#### EXERCISE DETAILS:
Retype the listing below line for line, but only from the line with "The big guys" down to the line with "Travel mug and", inclusive. Pictures stay out.

#### EXERCISE MATERIALS:
Content starts

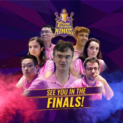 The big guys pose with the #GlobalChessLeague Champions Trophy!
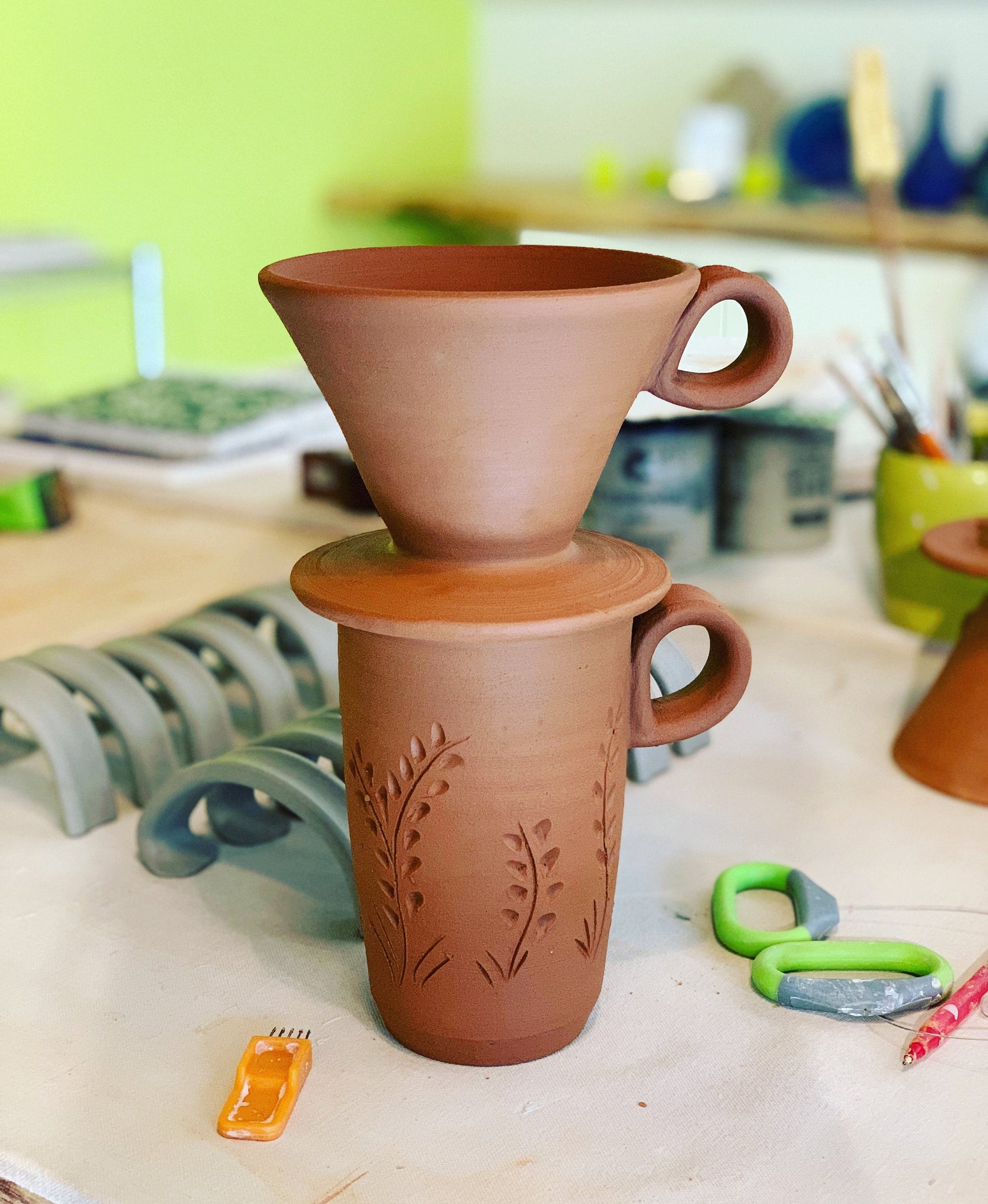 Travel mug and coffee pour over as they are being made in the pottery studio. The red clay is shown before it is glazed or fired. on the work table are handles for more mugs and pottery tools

Content ends
Content starts

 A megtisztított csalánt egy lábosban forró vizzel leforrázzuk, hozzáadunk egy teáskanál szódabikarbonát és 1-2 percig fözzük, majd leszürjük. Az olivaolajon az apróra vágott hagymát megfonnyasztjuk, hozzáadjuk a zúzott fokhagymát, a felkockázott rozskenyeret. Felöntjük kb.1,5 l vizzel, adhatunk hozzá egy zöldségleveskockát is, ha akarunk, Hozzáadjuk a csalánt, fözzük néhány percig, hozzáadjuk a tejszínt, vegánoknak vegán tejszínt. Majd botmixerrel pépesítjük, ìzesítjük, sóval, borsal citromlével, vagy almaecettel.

Content ends

#### SOLUTION TO THIS TASK:
 The big guys pose with the #GlobalChessLeague Champions Trophy!
 Travel mug and coffee pour over as they are being made in the pottery studio. The red clay is shown before it is glazed or fired. on the work table are handles for more mugs and pottery tools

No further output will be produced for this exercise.